*** Opening Input data ***
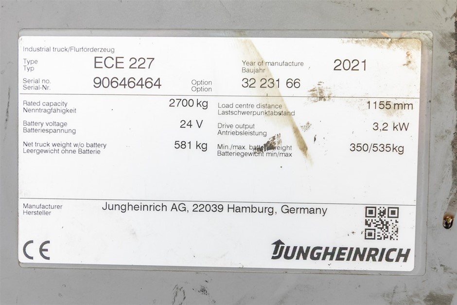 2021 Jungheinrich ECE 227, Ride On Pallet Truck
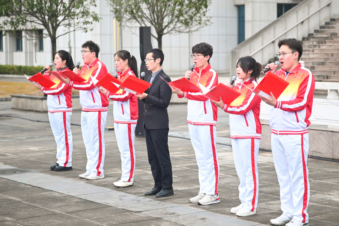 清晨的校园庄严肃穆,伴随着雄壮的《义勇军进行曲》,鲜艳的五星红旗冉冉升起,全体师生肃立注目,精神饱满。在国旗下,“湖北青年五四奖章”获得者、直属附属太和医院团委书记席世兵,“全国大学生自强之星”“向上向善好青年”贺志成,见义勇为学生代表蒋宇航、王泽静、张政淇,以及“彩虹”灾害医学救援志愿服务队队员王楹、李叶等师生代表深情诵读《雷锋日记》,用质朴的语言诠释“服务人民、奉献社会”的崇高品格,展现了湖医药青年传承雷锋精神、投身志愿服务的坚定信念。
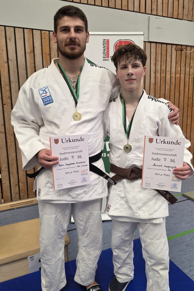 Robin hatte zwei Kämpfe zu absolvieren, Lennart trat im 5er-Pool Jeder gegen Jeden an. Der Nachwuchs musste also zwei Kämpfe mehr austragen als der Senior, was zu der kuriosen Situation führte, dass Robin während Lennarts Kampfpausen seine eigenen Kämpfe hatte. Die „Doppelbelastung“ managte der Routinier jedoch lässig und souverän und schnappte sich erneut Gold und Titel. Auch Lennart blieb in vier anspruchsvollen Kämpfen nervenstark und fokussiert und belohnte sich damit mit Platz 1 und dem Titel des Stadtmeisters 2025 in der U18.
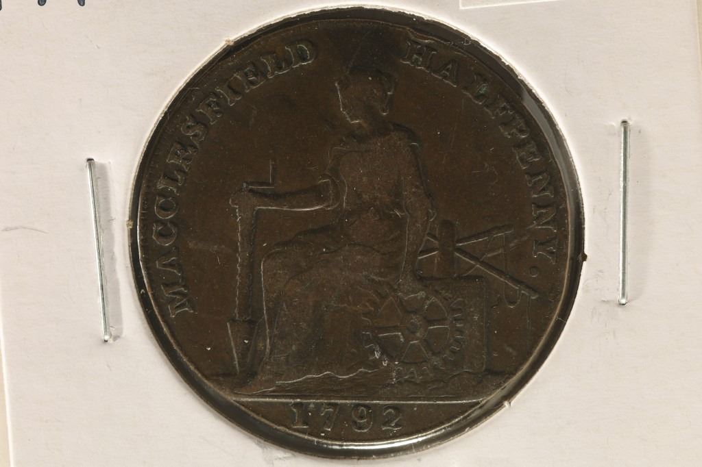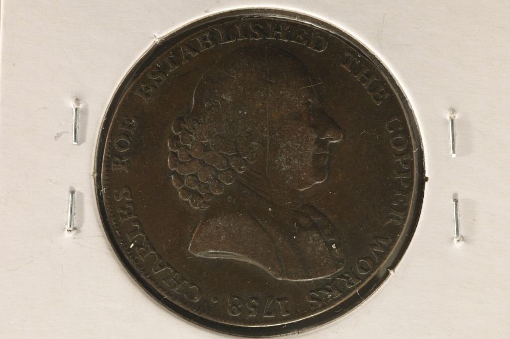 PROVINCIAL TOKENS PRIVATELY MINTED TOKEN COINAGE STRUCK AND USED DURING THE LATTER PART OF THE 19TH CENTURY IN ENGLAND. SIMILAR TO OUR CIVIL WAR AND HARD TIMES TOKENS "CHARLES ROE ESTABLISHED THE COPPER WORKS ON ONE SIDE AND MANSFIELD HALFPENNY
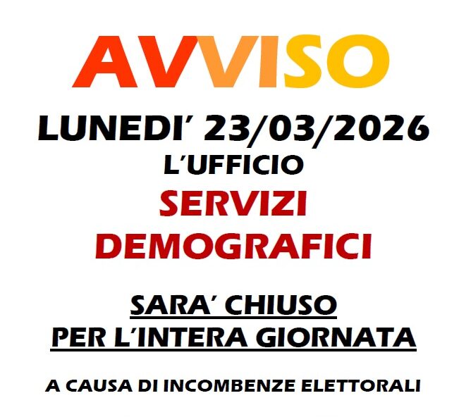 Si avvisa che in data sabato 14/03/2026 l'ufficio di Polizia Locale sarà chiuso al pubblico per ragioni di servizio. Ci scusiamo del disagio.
*** Closing Input data ***
*** Opening Input data ***
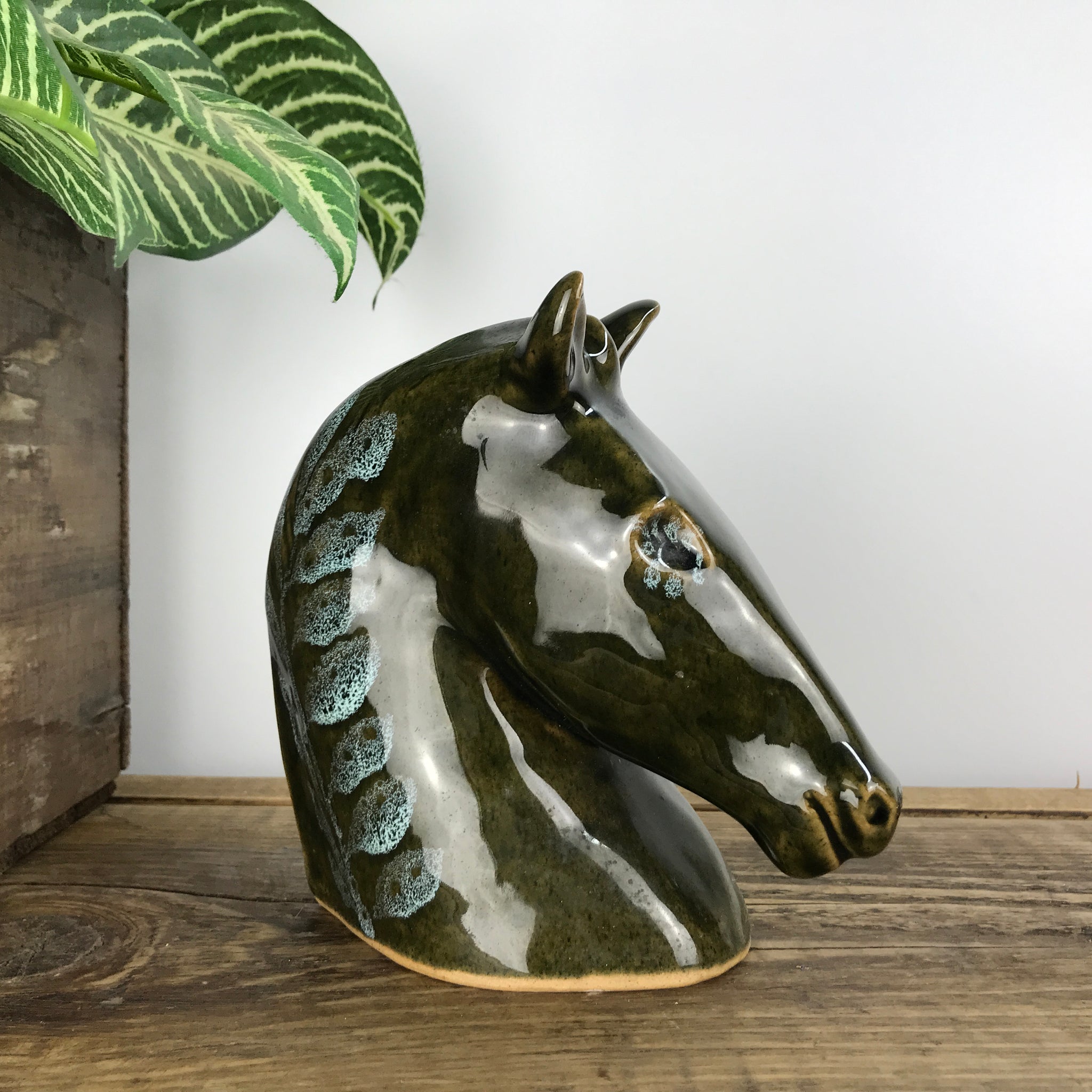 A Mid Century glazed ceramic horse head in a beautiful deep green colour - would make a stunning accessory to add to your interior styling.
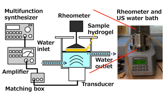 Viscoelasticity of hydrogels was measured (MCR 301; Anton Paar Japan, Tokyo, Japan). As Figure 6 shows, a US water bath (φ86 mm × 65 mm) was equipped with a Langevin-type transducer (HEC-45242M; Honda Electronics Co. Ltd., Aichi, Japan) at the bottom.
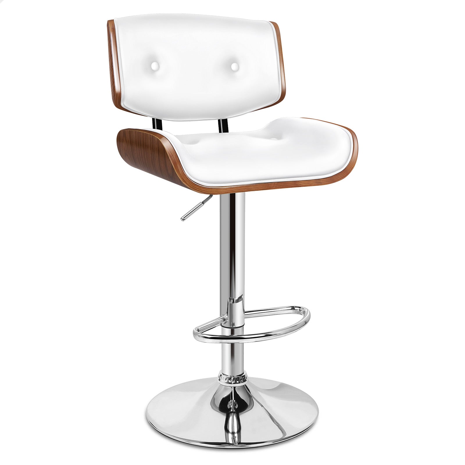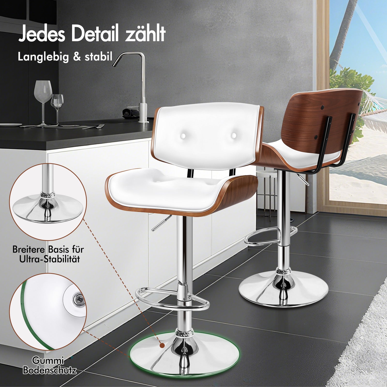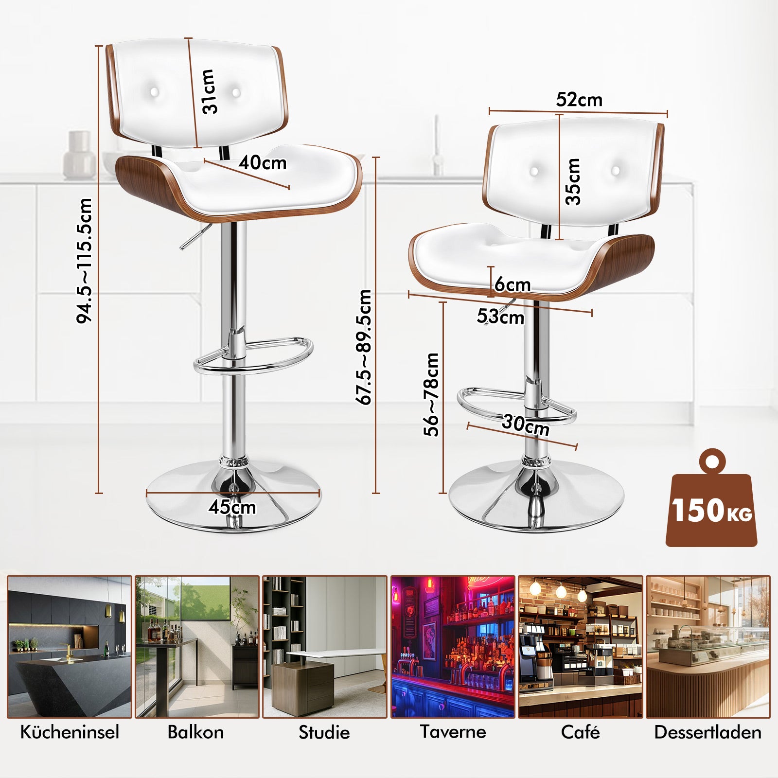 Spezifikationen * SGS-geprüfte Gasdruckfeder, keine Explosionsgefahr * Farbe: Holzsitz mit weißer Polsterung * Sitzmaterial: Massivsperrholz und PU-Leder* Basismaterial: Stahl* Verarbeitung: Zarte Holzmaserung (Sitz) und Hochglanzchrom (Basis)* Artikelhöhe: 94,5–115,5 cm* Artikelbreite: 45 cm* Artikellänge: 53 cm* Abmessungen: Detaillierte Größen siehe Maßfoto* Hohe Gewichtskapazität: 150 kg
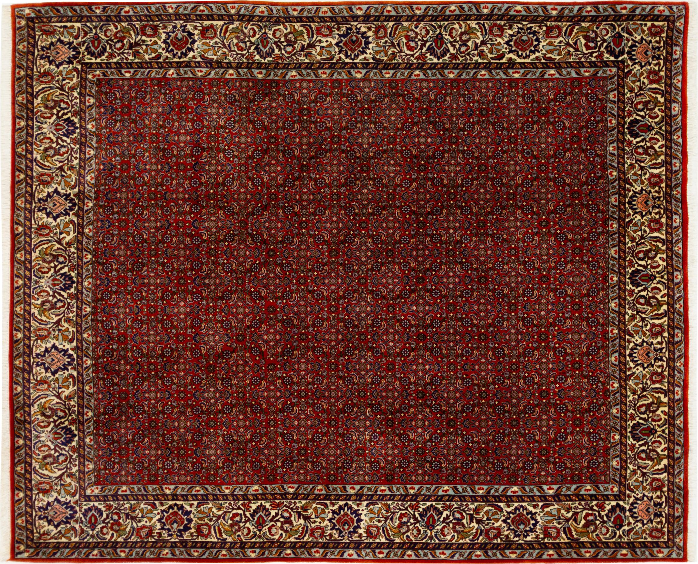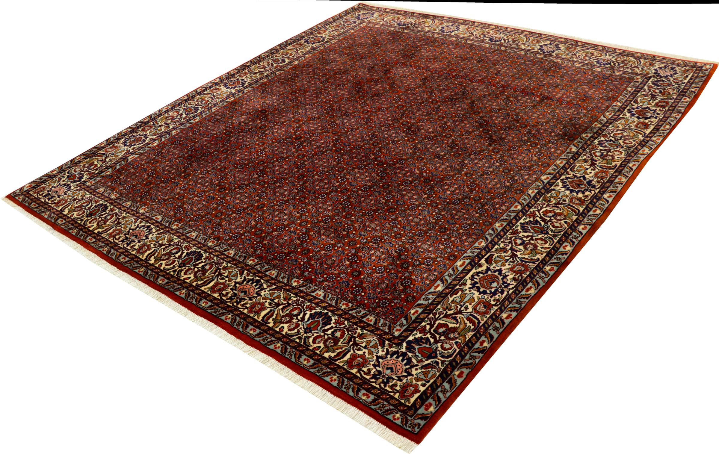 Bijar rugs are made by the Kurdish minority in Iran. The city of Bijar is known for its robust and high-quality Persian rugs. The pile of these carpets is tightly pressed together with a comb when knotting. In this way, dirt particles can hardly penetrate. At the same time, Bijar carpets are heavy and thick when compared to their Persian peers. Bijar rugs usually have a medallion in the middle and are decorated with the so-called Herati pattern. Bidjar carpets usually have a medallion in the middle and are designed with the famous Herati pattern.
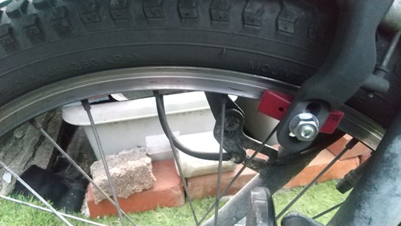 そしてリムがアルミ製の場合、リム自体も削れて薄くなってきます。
*** Closing Input data ***
> [Instructions to follow]:
Write out exactly the run of lines above that starts at the line containing "2021 Jungheinrich ECE" and ends at the line containing "Robin hatte zwei". Include both, and leave the pictures out.

> [Expected answer]:
 2021 Jungheinrich ECE 227, Ride On Pallet Truck
 清晨的校园庄严肃穆,伴随着雄壮的《义勇军进行曲》,鲜艳的五星红旗冉冉升起,全体师生肃立注目,精神饱满。在国旗下,“湖北青年五四奖章”获得者、直属附属太和医院团委书记席世兵,“全国大学生自强之星”“向上向善好青年”贺志成,见义勇为学生代表蒋宇航、王泽静、张政淇,以及“彩虹”灾害医学救援志愿服务队队员王楹、李叶等师生代表深情诵读《雷锋日记》,用质朴的语言诠释“服务人民、奉献社会”的崇高品格,展现了湖医药青年传承雷锋精神、投身志愿服务的坚定信念。
 Robin hatte zwei Kämpfe zu absolvieren, Lennart trat im 5er-Pool Jeder gegen Jeden an. Der Nachwuchs musste also zwei Kämpfe mehr austragen als der Senior, was zu der kuriosen Situation führte, dass Robin während Lennarts Kampfpausen seine eigenen Kämpfe hatte. Die „Doppelbelastung“ managte der Routinier jedoch lässig und souverän und schnappte sich erneut Gold und Titel. Auch Lennart blieb in vier anspruchsvollen Kämpfen nervenstark und fokussiert und belohnte sich damit mit Platz 1 und dem Titel des Stadtmeisters 2025 in der U18.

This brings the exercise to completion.